Vietnam.vn - Nền tảng quảng bá Việt Nam

Menghidupkan kembali masa muda

(GLO) - Suatu kali saya melihat kakak perempuan saya berdiri di depan cermin cukup lama. Awalnya, saya mengira dia sedang memeriksa noda di wajahnya, sebuah kekhawatiran umum di kalangan wanita, tetapi ternyata bukan itu masalahnya.

Báo Gia LaiBáo Gia Lai20/05/2025

Ternyata dia sedang menatap lekat-lekat sehelai rambut abu-abu yang baru saja jatuh ke wastafel. Aku melihat ke luar jendela; matahari masih bersinar terang, dan angin bertiup melalui cabang-cabang pohon yang bersandar di beranda. Pohon-pohon tumbuh begitu cepat, menjulang tinggi di tengah hiruk pikuk kehidupan manusia.

Sejak pagi buta, ayahku akan bangun dan batuk. Aku dan adik-adikku akan buru-buru menyikat gigi, mencuci muka, lalu bersepeda ke sekolah. Begitulah seterusnya, kesibukan bolak-balik yang tak berujung, tanpa menyadari betapa banyak perubahan yang telah terjadi pada diri kami di depan cermin. Hari ini, melihat adikku, aku bertanya-tanya: Kapan kita kehilangan masa muda kita?

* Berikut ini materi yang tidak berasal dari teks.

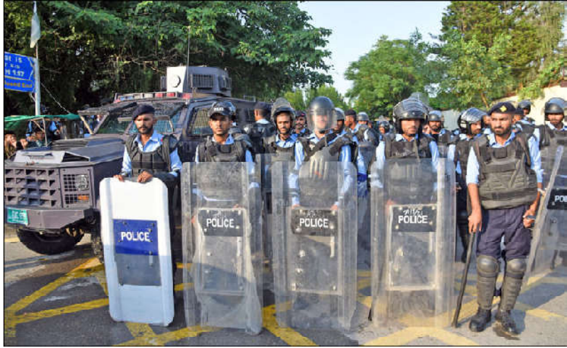
ISLAMABAD: Police personnel stand guard outside Sweden Embassy during the Protest of Jamat-e-Islami against burning of Holy Quran in Sweden.

The Muslim world should prevent the repetition of such anti-Islamic behavior and not let the perpetrators of hurting the feelings of Muslims go unpunished, he added.
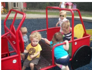
Going on a drive...
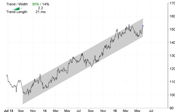
bpost SA (BPOST BB) vs MSCI AC World ex USA Value Net USD
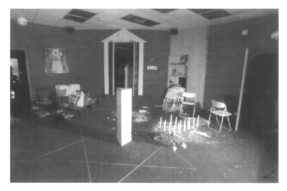
Figure 4.1 A secret sanctum of the Solar Temple in the basement of a farmhouse in the village of Cheiry, Switzerland, where the authorities discovered the bodies of eighteen people on the morning of 5 October 1994
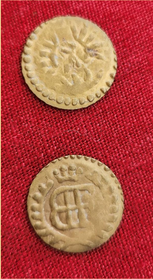
Site Token (by Reinhold von Glier)
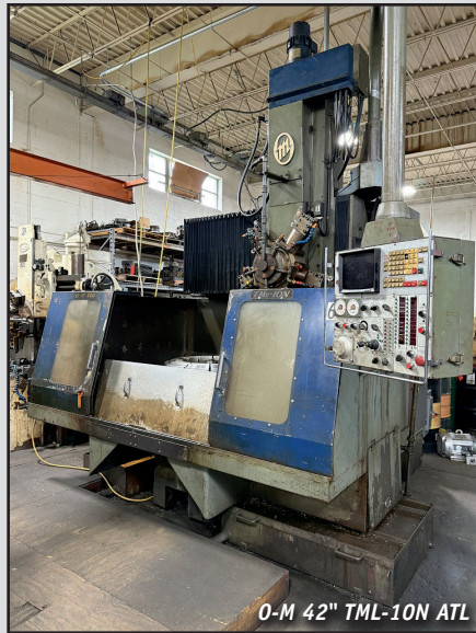
O-M 42" TML-10N ATL

THE INFORMATION DESCRIBED IN THIS BROCHURE IS CORRECT TO THE BEST OF OUR KNOWLEDGE BUT WE CANNOT GUARANTEE SAME. IT IS FOR THIS REASON THAT BUYERS SHOULD AVAIL THEMSELVES OF THE OPPORTUNITY FOR INSPECTION PRIOR TO THE SALE.
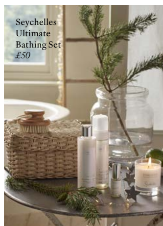
Seychelles Ultimate Bathing Set £50
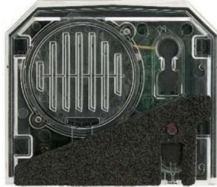
GF-DA and GF-DP

The hint is the the writing or the open space on each panel
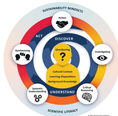
Figure 2: Global Goals Action Progression.

Finally, young people apply both their existing knowledge and their newly gathered information. First, they consider personal changes they could make to help make their communities more
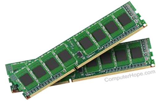
Fig.1:-Example of RAM [2]

memory use it, where components are stored and expected on an ad hoc basis. Information is frequently stored in and reads from this type of memory. To connect the information lines to the tendency to stockpile for reading or composing the section, RAM incorporates multiplexing and demultiplexing circuitry. Typically, a similar region can reach more than the tiniest bit of capacity, and Smash regularly devices have several information bars and are marketed as "8digit" or "16-bit," for example, devices.
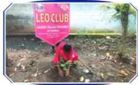
One drop can save a life. We donated hope.
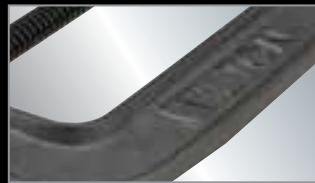
DUCTILE IRON FRAMES
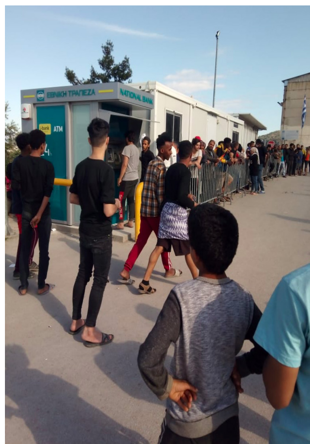
Fig. 7 & 8

No Space for Social Distancing: Crowds of People waiting for Food and other Essential Services
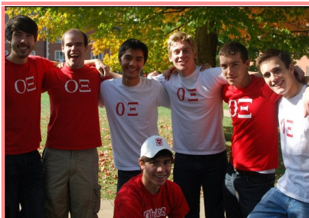
The Joy of Our College Days...

I can't believe another year has passed us by. It was wonderful seeing many of you for Homecoming this past Fall and we look forward to seeing many of you again. Homecoming is
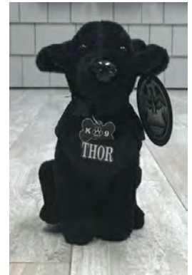
Thor Plush - $20
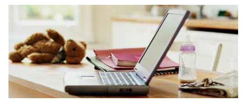
One of the basic rights laid down in the Charter of Fundamental Rights of the European Union is that of balancing family life with a career.

Moreover, Article 6 of the Treaty of Lisbon provides a legal basis for the EU to sign up to the European Convention on Human Rights. This Convention would then no longer be merely referred to in the EU Treaties but would have legal force in EU countries, thus giving greater protection to human rights in the European Union.
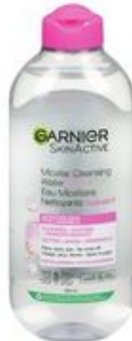
OLAY REGENERIST VITAMIN C MOISTURIZER OR GARNIER MICELLAR WATER SELECTED VARIETIES OR SIZES 21040515_EA/211411706002_EA
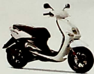
Yamaha Neos 50cc
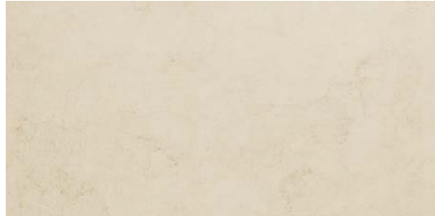
AV322 ▶ Penthouse
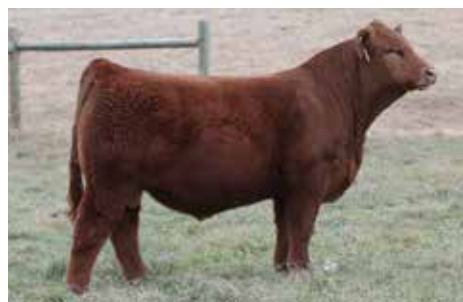
KLER BASIS 048J MATERNAL BROTHER TO LOT 25
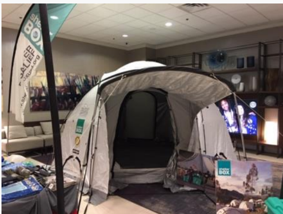
Accommodations were nice.
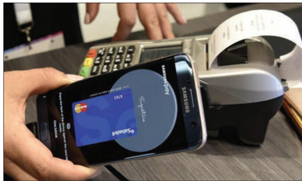
A customer making a payment via a mobile phone. Vipps will serve 11 million users and over 330,000 shops and web shops in Europe.

A group of banks in Denmark, Finland and Norway said on Wednesday they plan to merge their mobile payment apps to create one of the biggest services of its kind in Europe.
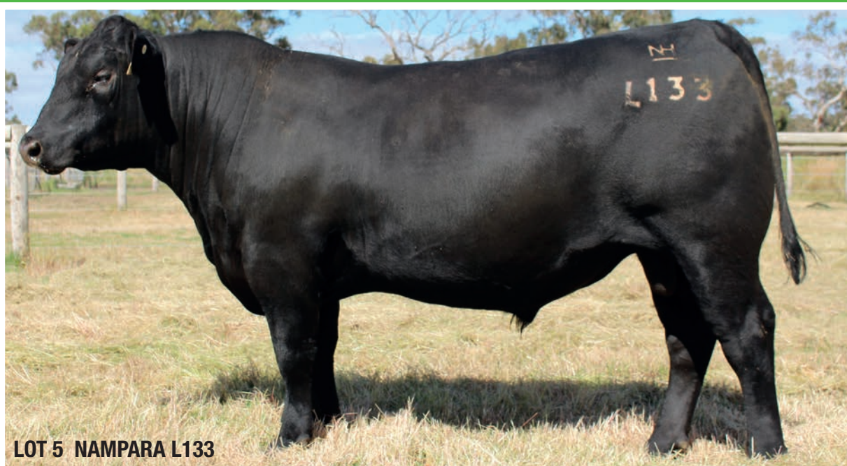
LOT 5 NAMPARA L133
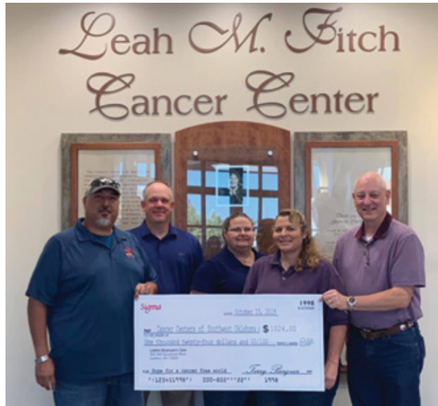
Bar-S Foods employees demonstrate charitable values by delivering a donation to Lawton nonprofit.

The Lawton Community Foundation exists to simplify giving for those who are charitably minded. Whether it’s connecting a donor to an organization who shares their charitable interests, helping a donor leave a legacy in the most tax-efficient way possible or streamlining charitable giving for a busy organization, the Community Foundation is here to help.
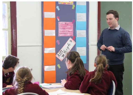
Year 5/6R learning about the 'bump it up wall', the pathway to follow to improve our writing
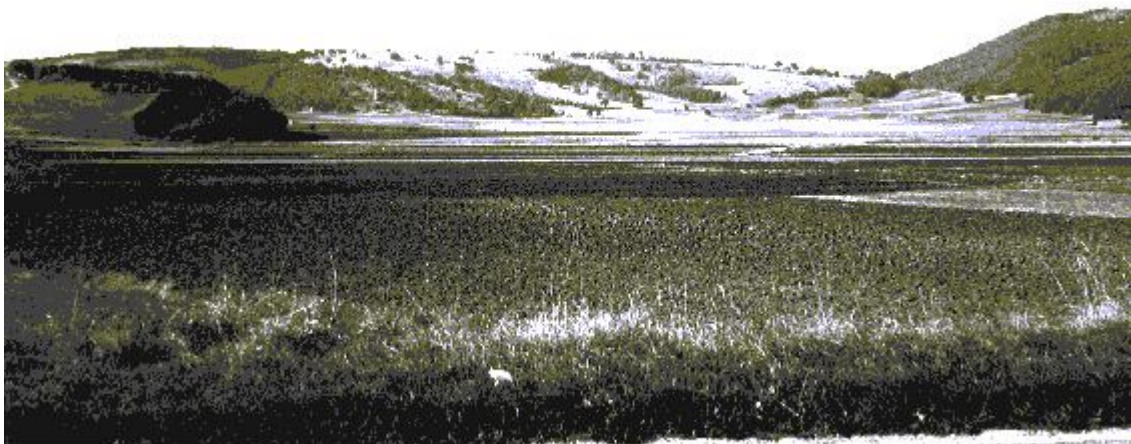
Figure 2: Pleistocene-Holocene deposits forming an almost plain relief and overlying unconformably the basement

Unconformably over the above-mentioned occurs a series of Late Pleistocene- Holocene clastic deposits. They outcrop in the low altitudes areas and intermontane valleys [Barberi et al., 1993, Boccaletti, et al., 1985, Calamita et al., 1986] (Figure 2).
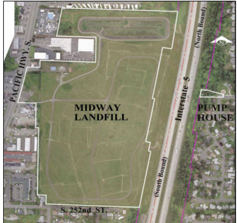
Midway Landfill waxa uu ku yaalaada goobta

City of Seattle waxay ilaalisaa qaababka oo waxay la socotaa tayada biyaha dhulka iyo gaaska dhulka la buuxiyay ee Goobta.
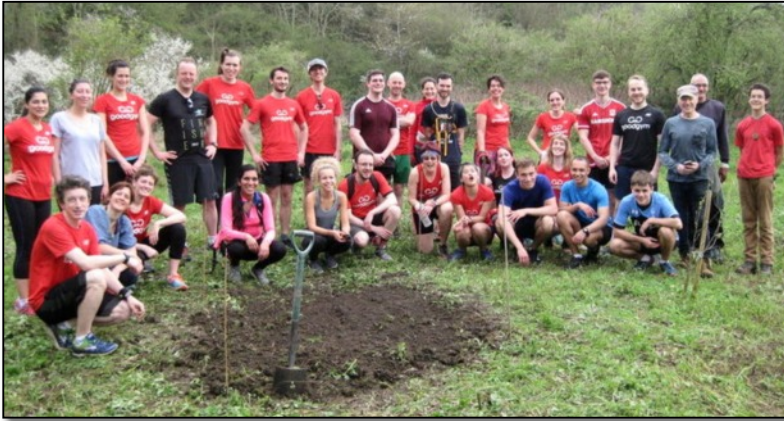
GoodGym runners and local volunteers in the Orchard
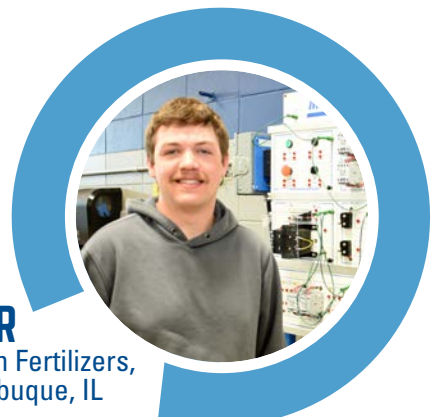
TYLER Nitrogen Fertilizers, East Dubuque, IL

26% of graduates were continuing their education at the time of the survey. • 65% of those at Southwest Tech • 28% of those at other Wisconsin institutions or high schools • 7% of those at institutions outside of Wisconsin
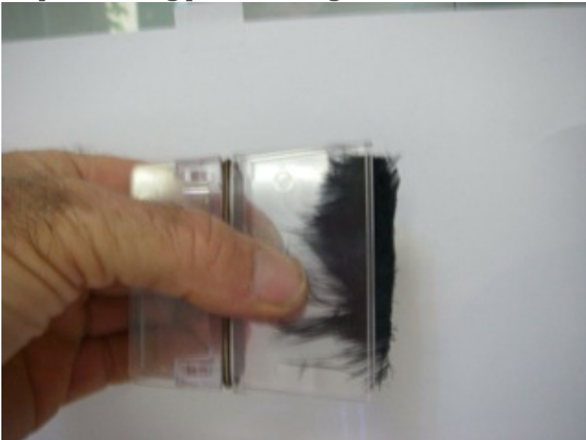
Step 12 - Using Part B of Magic tool
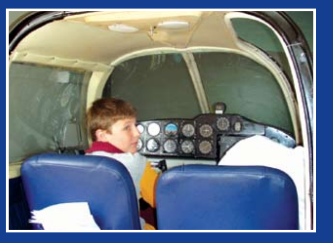
11 student lain Davidson enjoys the flight simulator experience at Good Shepherd Catholic College in Mount Isa
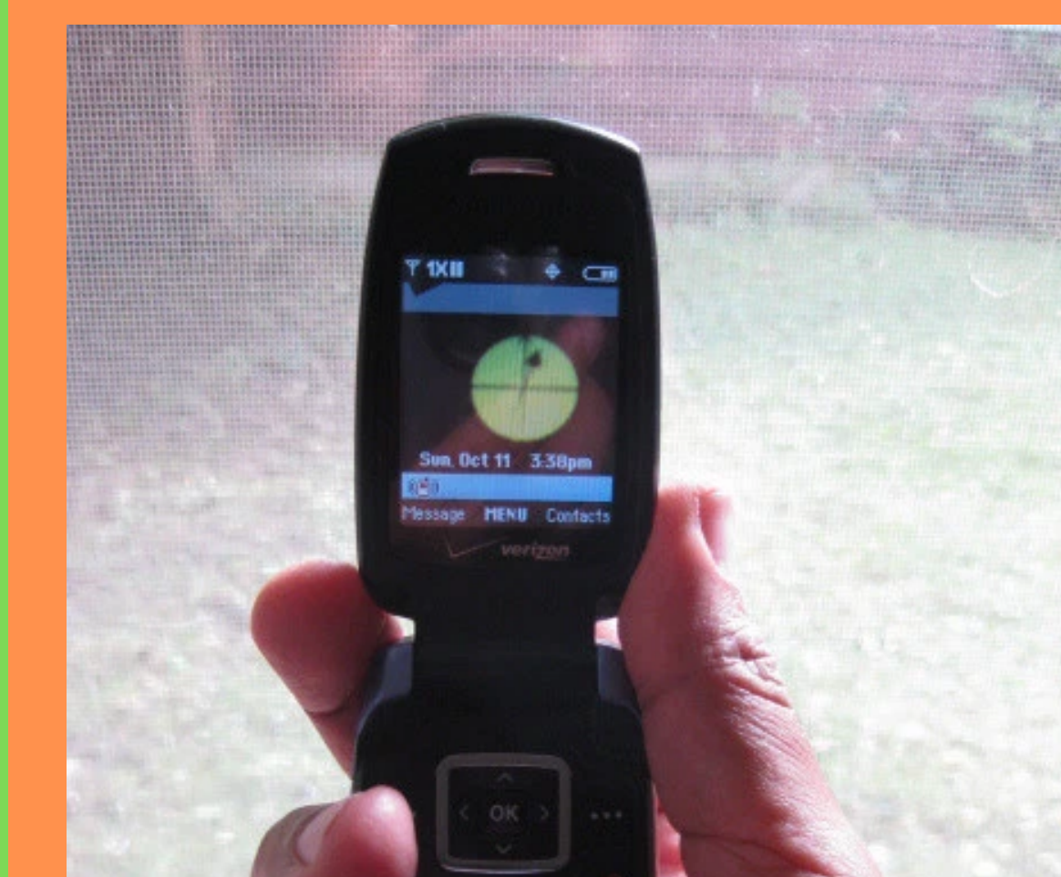
Provided by the Electronic Disturbance Theater

Saat masih kecil, aku hanya berharap bisa cepat dewasa, secepat seseorang yang mencoba menyeberangi jalan berlumpur. Aku tumbuh dewasa, naik kelas, menjadi mahasiswa, lalu seorang insinyur… tapi aku masih bertanya-tanya: Apakah aku sudah mencapai tahap masa muda?

12.jpg
Ilustrasi: HUYEN TRANG

Suatu kali, ketika saya mengunjungi rumah dan mendapati rumah itu kosong, saya pergi ke belakang dan menemukan orang tua saya sedang sibuk memindahkan bibit pisang muda dalam satu baris. Saat itulah saya benar-benar memahami pepatah, "Orang muda menanam srikaya, orang tua menanam pisang," dan saya bertanya-tanya: Mungkinkah orang tua saya benar-benar semakin tua? Malam itu, saya tidak bisa tidur.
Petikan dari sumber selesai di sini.